RECORDS FOR THIS EXERCISE >>
+++++
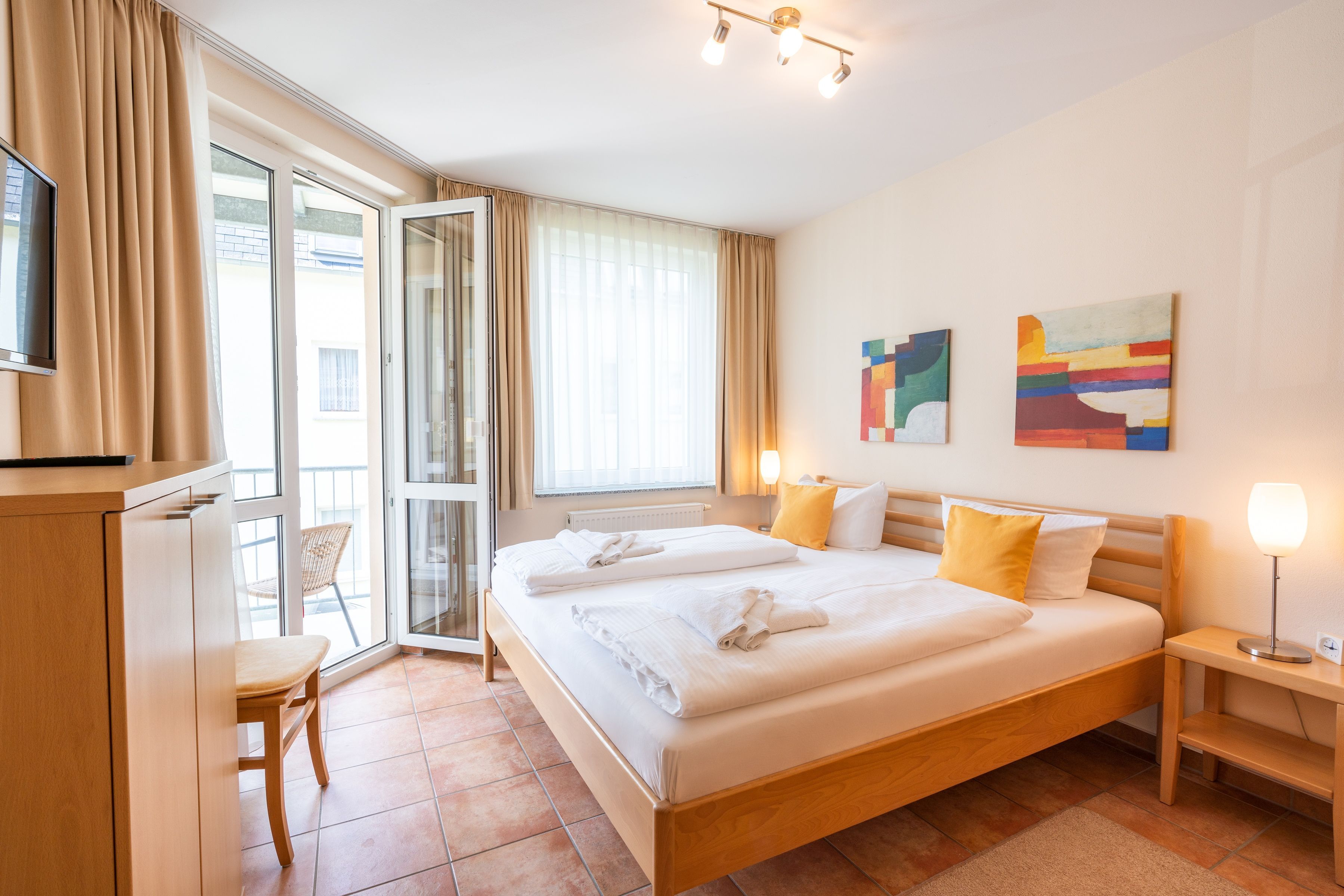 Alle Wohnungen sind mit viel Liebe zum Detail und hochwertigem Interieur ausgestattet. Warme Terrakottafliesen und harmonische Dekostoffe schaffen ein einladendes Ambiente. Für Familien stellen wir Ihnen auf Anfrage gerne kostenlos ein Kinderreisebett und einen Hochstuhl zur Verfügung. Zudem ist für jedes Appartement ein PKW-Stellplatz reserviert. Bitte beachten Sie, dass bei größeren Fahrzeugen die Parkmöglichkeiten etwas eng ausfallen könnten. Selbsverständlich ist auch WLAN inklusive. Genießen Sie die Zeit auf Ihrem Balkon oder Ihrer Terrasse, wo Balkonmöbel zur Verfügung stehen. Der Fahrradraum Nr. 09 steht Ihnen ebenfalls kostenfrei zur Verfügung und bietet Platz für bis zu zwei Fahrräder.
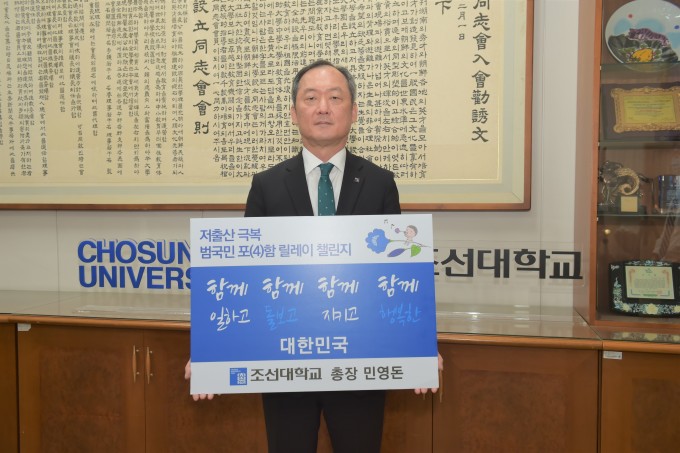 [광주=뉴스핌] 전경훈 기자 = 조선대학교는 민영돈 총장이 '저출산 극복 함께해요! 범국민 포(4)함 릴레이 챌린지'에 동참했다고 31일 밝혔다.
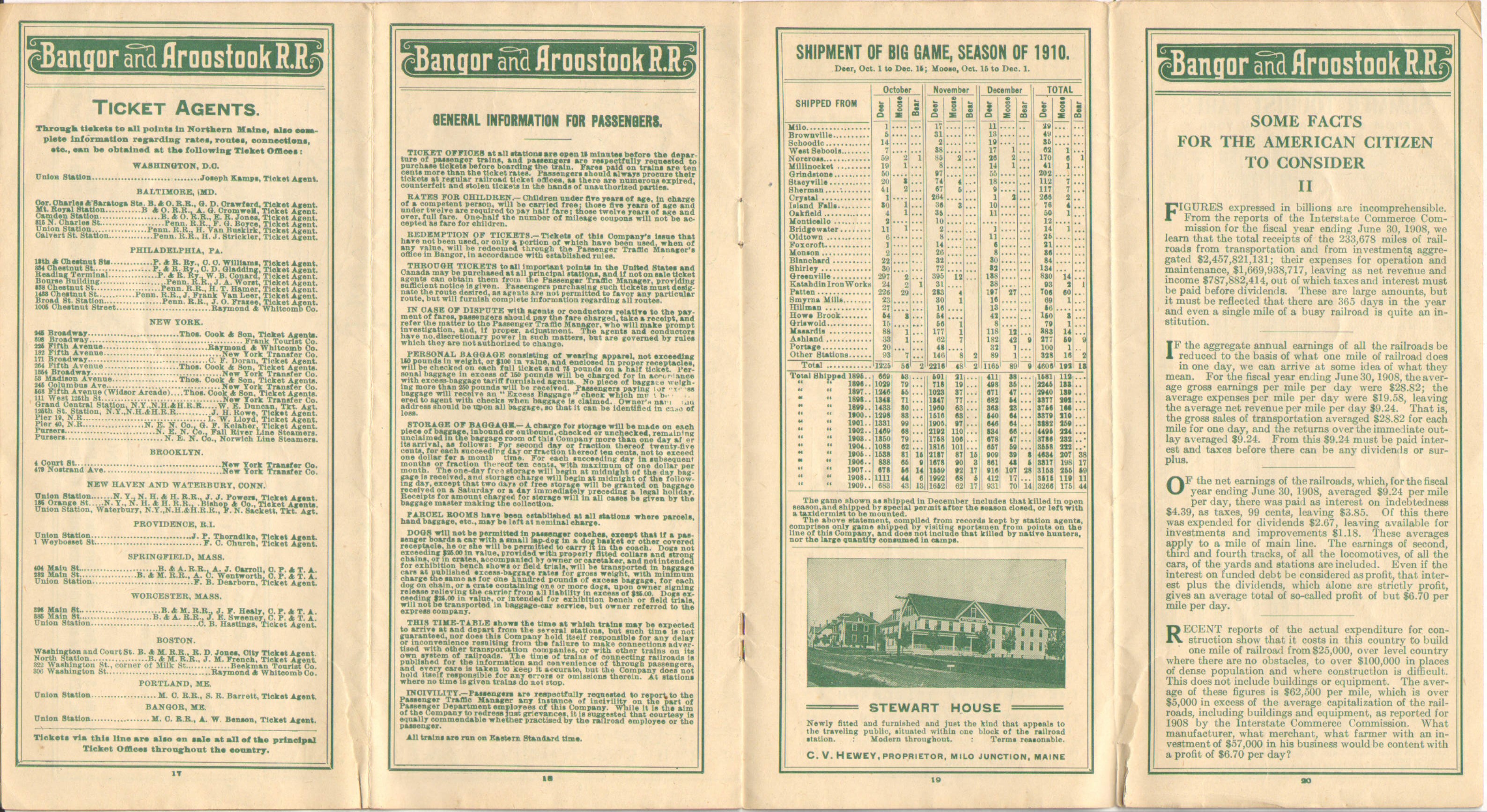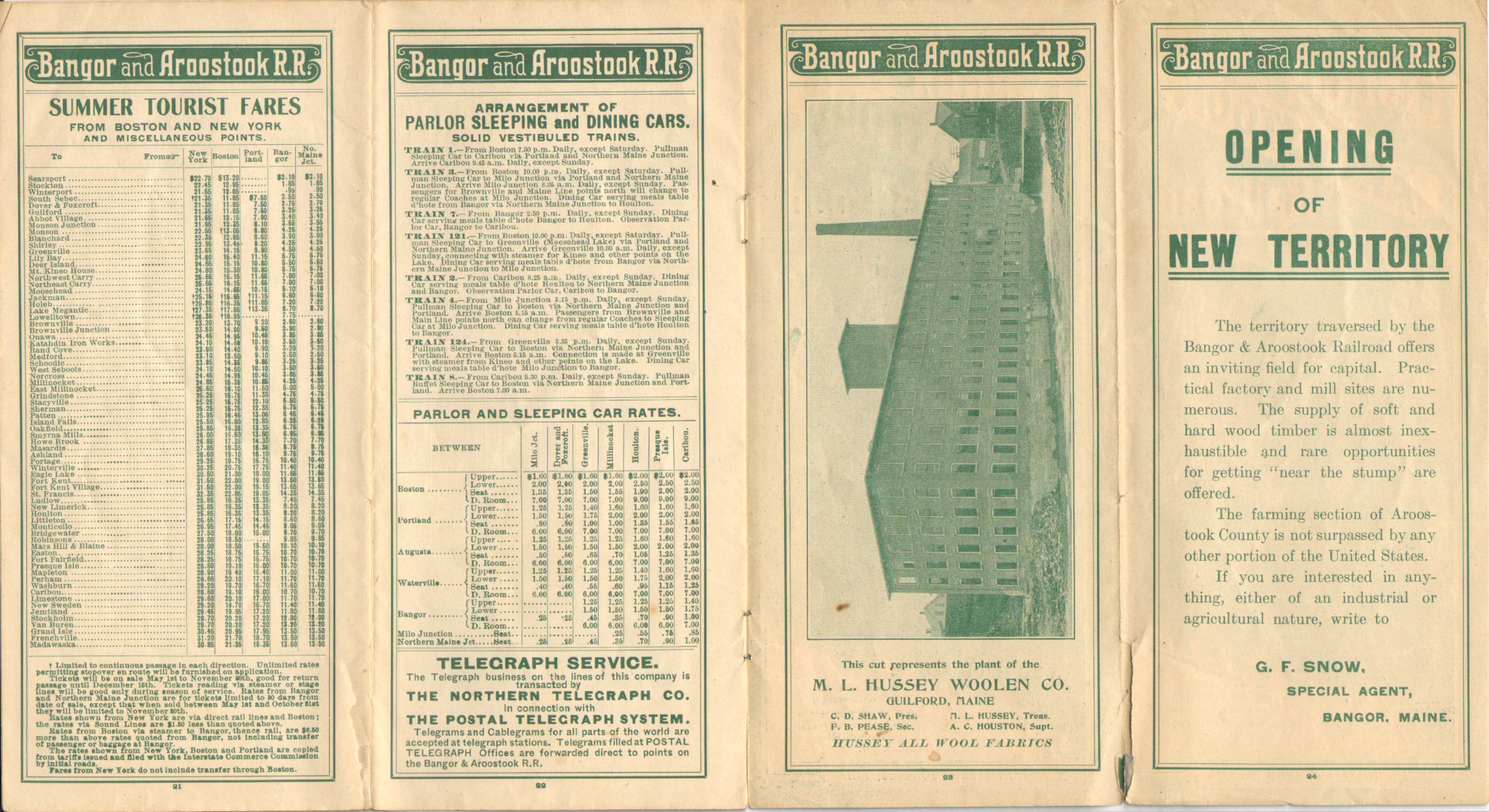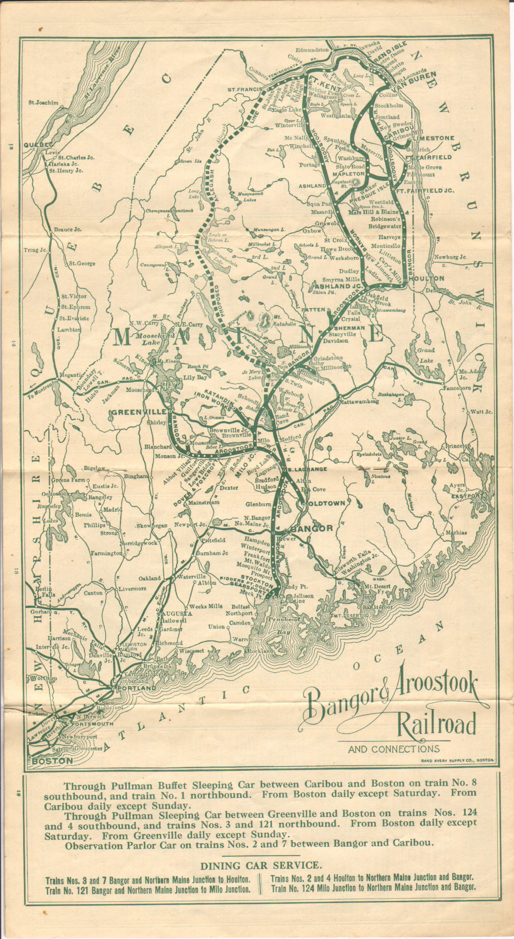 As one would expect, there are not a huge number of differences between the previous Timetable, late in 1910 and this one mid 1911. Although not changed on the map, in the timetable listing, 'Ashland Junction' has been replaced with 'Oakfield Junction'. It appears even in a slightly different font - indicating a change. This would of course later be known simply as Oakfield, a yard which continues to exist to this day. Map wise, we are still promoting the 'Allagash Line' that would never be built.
+++++
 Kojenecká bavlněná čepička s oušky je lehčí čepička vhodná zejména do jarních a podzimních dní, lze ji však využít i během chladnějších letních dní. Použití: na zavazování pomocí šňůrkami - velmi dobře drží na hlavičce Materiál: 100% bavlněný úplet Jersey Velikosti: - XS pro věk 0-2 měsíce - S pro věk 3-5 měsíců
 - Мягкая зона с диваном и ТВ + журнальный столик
+++++
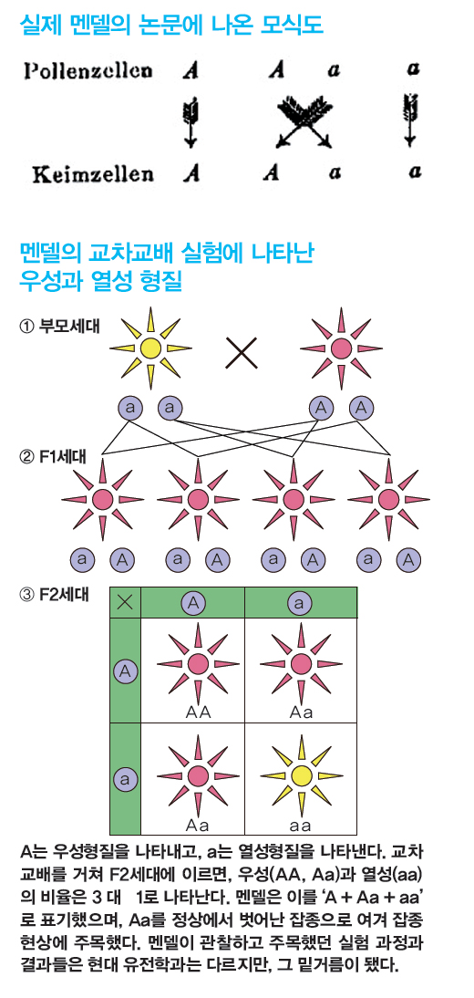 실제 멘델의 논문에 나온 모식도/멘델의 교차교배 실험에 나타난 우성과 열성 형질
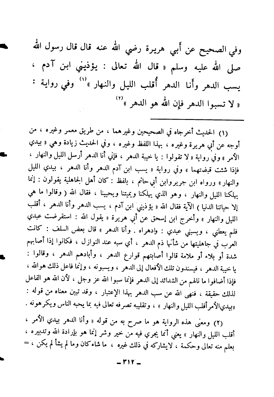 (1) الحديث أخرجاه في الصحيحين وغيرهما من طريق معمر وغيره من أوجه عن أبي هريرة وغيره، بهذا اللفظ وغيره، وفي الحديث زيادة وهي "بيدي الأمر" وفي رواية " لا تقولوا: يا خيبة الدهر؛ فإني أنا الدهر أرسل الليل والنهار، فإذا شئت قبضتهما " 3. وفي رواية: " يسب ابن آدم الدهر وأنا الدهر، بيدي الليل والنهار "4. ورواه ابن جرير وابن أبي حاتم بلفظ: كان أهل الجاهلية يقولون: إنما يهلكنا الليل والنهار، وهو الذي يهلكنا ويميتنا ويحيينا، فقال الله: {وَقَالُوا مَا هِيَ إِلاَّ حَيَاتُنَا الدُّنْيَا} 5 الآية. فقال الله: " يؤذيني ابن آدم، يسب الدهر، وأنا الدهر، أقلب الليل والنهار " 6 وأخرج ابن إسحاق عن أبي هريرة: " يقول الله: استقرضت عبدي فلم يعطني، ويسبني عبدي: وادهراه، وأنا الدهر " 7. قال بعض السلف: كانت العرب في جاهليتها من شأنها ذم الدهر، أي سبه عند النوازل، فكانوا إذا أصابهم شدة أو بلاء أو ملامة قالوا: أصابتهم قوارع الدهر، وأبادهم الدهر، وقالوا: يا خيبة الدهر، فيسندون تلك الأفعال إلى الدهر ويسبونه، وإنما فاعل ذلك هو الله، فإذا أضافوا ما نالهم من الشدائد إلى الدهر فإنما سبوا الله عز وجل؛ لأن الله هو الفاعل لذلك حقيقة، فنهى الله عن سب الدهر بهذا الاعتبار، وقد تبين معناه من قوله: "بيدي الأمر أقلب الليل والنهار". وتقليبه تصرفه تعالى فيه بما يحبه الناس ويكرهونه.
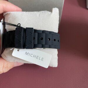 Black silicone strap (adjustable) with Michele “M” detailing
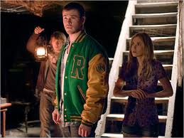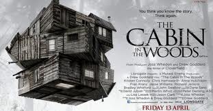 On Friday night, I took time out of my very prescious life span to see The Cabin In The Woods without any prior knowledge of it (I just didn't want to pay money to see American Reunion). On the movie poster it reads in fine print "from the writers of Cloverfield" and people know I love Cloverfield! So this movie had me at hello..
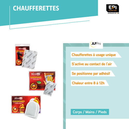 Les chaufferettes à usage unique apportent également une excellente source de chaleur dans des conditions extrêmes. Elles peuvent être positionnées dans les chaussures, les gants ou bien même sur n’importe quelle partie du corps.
+++++
DIRECTIONS FOR THIS TASK >> The reply should hold only the lines of the listing above starting at the line containing "Kojenecká bavlněná čepička" and ending at the line containing "- Мягкая зона", exactly as written.

TASK RESULT >>
 Kojenecká bavlněná čepička s oušky je lehčí čepička vhodná zejména do jarních a podzimních dní, lze ji však využít i během chladnějších letních dní. Použití: na zavazování pomocí šňůrkami - velmi dobře drží na hlavičce Materiál: 100% bavlněný úplet Jersey Velikosti: - XS pro věk 0-2 měsíce - S pro věk 3-5 měsíců
 - Мягкая зона с диваном и ТВ + журнальный столик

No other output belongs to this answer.